▶ **YOUR ASSIGNMENT**:
Retype the listing exactly, with no images.

START GIVEN INFORMATION

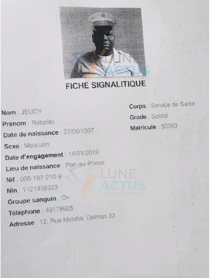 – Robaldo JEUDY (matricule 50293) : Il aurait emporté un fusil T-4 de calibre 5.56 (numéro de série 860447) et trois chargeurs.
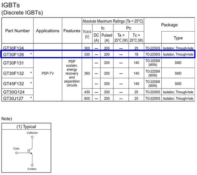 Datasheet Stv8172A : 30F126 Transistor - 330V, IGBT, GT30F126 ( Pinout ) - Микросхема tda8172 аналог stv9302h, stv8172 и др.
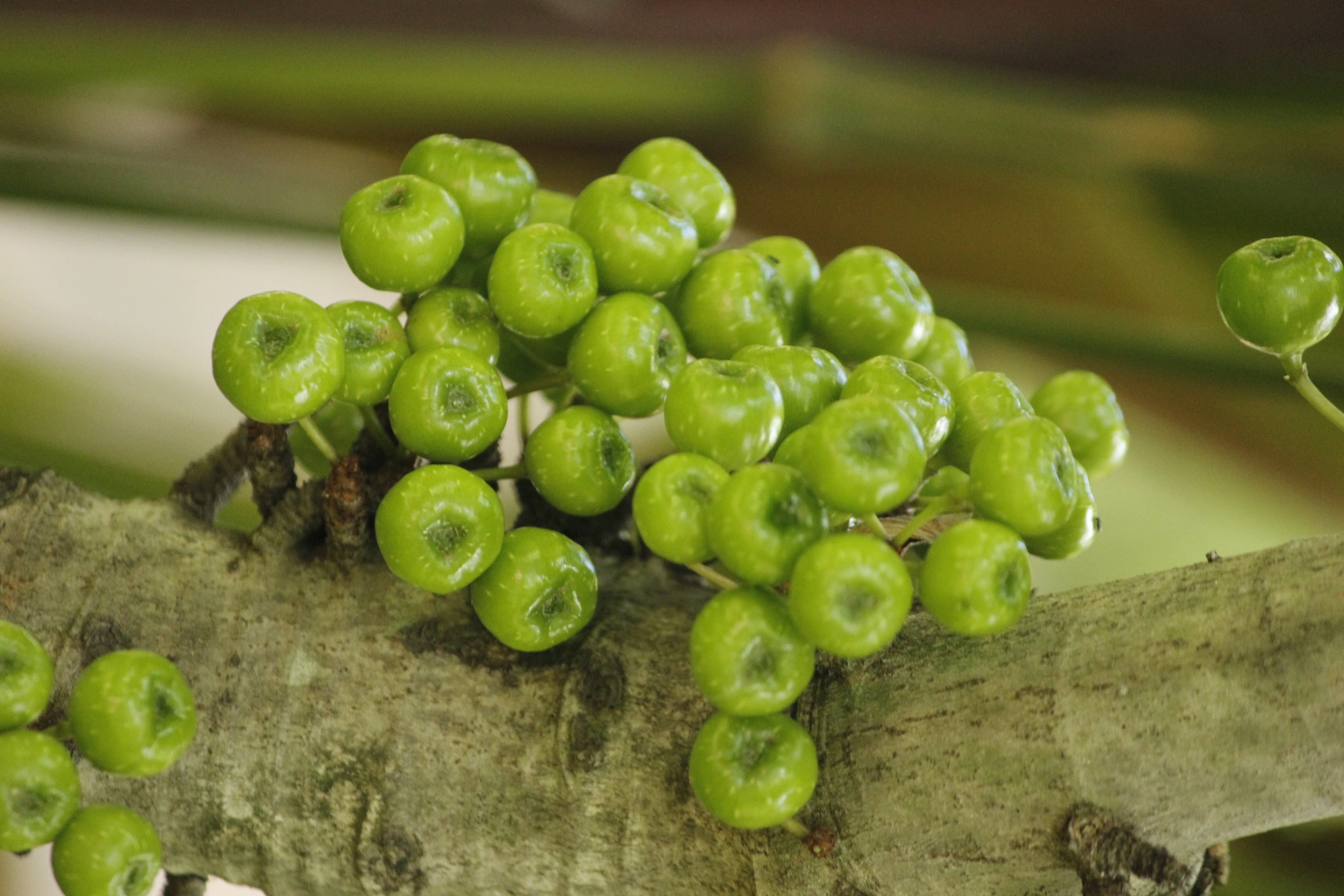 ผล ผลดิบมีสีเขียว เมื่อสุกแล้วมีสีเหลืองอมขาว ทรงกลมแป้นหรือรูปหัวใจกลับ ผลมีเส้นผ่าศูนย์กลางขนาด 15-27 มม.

END GIVEN INFORMATION

▶ **SOLUTION FOR THIS EXERCISE**:
 – Robaldo JEUDY (matricule 50293) : Il aurait emporté un fusil T-4 de calibre 5.56 (numéro de série 860447) et trois chargeurs.
 Datasheet Stv8172A : 30F126 Transistor - 330V, IGBT, GT30F126 ( Pinout ) - Микросхема tda8172 аналог stv9302h, stv8172 и др.
 ผล ผลดิบมีสีเขียว เมื่อสุกแล้วมีสีเหลืองอมขาว ทรงกลมแป้นหรือรูปหัวใจกลับ ผลมีเส้นผ่าศูนย์กลางขนาด 15-27 มม.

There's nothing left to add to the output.